# S11 day old Platy fry



## Ajreoandoeka (Aug 11, 2005)

*11 day old Platy fry*

So one of my platys had babies in my breeder trap, so they are safe from the other fish right now. Currently, I have 8 fry, although there may be 2 more hiding somewhere that escaped from my trap. My question is this (and I'm sure you've heard it a thousand times) How long should I wait before releasing them from the breeder's trap? The other fish in the tank are (as listed below) all full grown: Platies, Danios, Cories, a glassfish and a pleco. The pleco is still not that large, he's only about 6 inches long I'd say. 

I don't want to send the babies off to their doom, but they keep trying to escape from the breeding trap, and if they don't escape successfully they get stuck and die anyways.

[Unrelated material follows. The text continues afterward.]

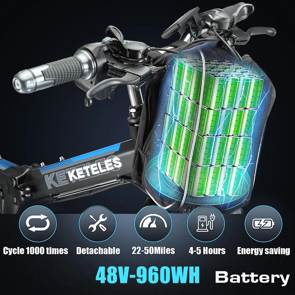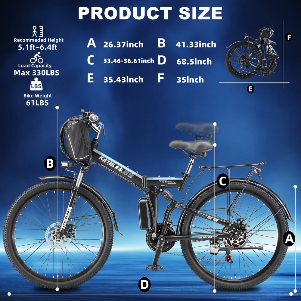 1000W Electric Bicycle KETELES 26" folding Mountain Bike 48V/20Ah for Adults US About this item: *【1000W POWERFUL MOTOR & REMOVABLE BATTERY】 ---Cityscape Electric Bike is equipped with a 1000W brushless motor, provide enough power for your daily outings.Up to 22mph Top Speed. 48V 960WH large removable battery is strong enough for these activities. The ebike can ride 50 miles by pedal assist after charging 4~5 hours, long battery life.And BMS protection in an IPX4 waterproof casing, mileage anxiety is a thing of the past. Embrace every journey with confidence. *【3 WORKING MODES】 --- KETELES Electric Bike is a powerful and cost-effective folding e-bike. 1. Pedal Assist Mode 2. Fully Electric Mode 3. Pedal Mode. Three riding modes switch easily for enjoying a long time travel, and also exercise. * 【 21-SPEEDS GEAR FLEXIBILITY】 --- This KETELES folding ebike has 21-speed gears. Seamlessly adapt to any terrain, from the bustling city streets to the rugged mountain trails. Embrace the freedom to explore and unleash your inner thrill-seeker. * 【COMFORT MEETS STYLE & RICH CONFIGURATION】 ---KETELES Electric Bike made of high-strength carbon steel frame and superior bike paint. Ergonomic and stylish step-thru design, enlarged comfortable seat.LED Headlights and tail light for safe riding.Please note every new bike has gone through road testing before packing, there may be some dust on the tires. * 【HASSLE-FREE SETUP & STELLAR SUPPORT 】 --- Jumpstart your biking adventure with KETELES's 90% pre-assembled e-bike. We stand by our commitment to quality and your satisfaction with a one-year warranty and dedicated 24-hour customer service. Any questions or needs? Reach out, and we'll ensure your KETELES experience is nothing short of exceptional. Specification: Bike Type E-Folding Bike Age Range Adult Brand KETELES Number of Speeds 21 Color Black-Blue/Black-Green/Black-Red Wheel Size 26 Inches Brake Style Disc Brake Mechanical Brake with Power Cut-off Feature Throttle Twist Throttle on the Right side of Handlebar Display Smart LCD display that shows speed, battery status, pedal assist level, etc. Range Fully Electric Mode Range: around 30~40km Pedal Assist Mode Range: around 50~60km Voltage 48 Volts (DC) Model Name MX300 Wattage 1000 watts Item Weight 26kg Maximum Weight Recommendation 330LBS Warranty 1 year Suggested Users Unisex-adult Charge time 4-5 hours Warm Tip ! 1.Please install the bicycle according to the instructions after receiving it. If you encounter any problems during installation, please feel free to contact us. If necessary, we can also send you installation demonstration videos to help you reduce the problems encountered during installation. 2.New electric bike passes road test before packing, therefore dust on the tires is inevitable. 3.Upon arrival, mark down the serial number, which locates on the middle axle tube, and register to vehicle management center. It is necessary to track your ebike while preventing loss. 4.Please be aware of the height of electric bike. Package Included: *1 x Electric bicycle * 1 x Headlight *2 x Fenders *1 x Charger *1 x Battery *1 x Tool kit *8 x Tools *2 x Pedals *1 x Taillight *1 x Rear rack *1 x Air cylinder *1 x Lock Note: Our products have been certified under UL2849 safety standards. Payment Delivery details Terms of sales About us Contact us Payment We accept Credit Card, Debit Card and eCheck payments through Payoneer. Delivery details 1. Thank you very much for purchasing our products. 2. All the items double checked well packed bafore shipping. 3. Itme will be dispatchec within 2 business day(not includes the holiday and weekend) after your payment. 4. We usually use Fedex or UPs logistics to transport your package, and the delivery time would be about 5-7 business days. 5. When you have completed your payment, please leave your correct phone number and address, you could contact us by courier for any quesiton. And keep your phone open, prevent the delivery staff contacting you and causing the package to be returned. Terms of sales We guarantee 100% customer satisfaction. We check all items before sending out, if you received an broken/ defective item, please take photos and send to us immediately. We only accept those case reported within 30 days. Please keep all package material, return items must be in good condition. About us Keteles was specialized in producing bicycle, mountain bike, electric bikes, folding bikes, and other bicycle products. Our products are characterized by elegant appearance, superior quality, assorted specification, novel design, safety and reliability. With a complete set of facility, a perfect quality insurance system and an advanced testing method, we have experienced designers, engineers, management personnel and workers. We always stress on product quality and new product development. We strictly stick to tenet of "emphasizing on quality, stressing on credit, seeking for little profit and pursuing for development". We have gained a good reputation among customers at home and abroad. With our strict quality management, reliable credit, powerful strength and comprehensive marketing network, we sincerely welcome customers to cooperate with us. We would like to accompany you to create a brilliant future. Contact us Our goal is to make sure you are a happy buyer and have a pleasant shopping with us. Please leave us positive feedback and 5 stars rate if you are happy with our item and service. Please contact us before leaving any 1 or 2 ratings, neutral or negative feedback or open any dispute. We understand the concerns and frustrations you might have, and will do our endeavor to resolve the issues. Please give us the opportunity to resolve any problem. We thank you for your effort to make this sale and purchase experience a happy one! If you have any question about us, feel free to contact us, Please allow 24 hours for a message reply! We are highly appreciated your Positive feedback, we will try

Thanks in advance for any *positive* help,

Tracy


----------



## Ice Prince (Jun 15, 2007)

you should release them whenever they are big enough to not get eaten. i released some when they were 1 month old, but 2 from the same liter are still too small, almost 2 months later.


----------



## oliesminis (May 7, 2007)

i realeased mine into a seperate tank with 2 cories and 4 guppys after 10 days in a net and there all doing great and growing fine


----------



## Ajreoandoeka (Aug 11, 2005)

Thanks! I think I'll probably wait a little longer before I release them, they aren't too big yet, and the only option for another tank is with the Gourami, which I Know would eat them happily. Thanks again!


----------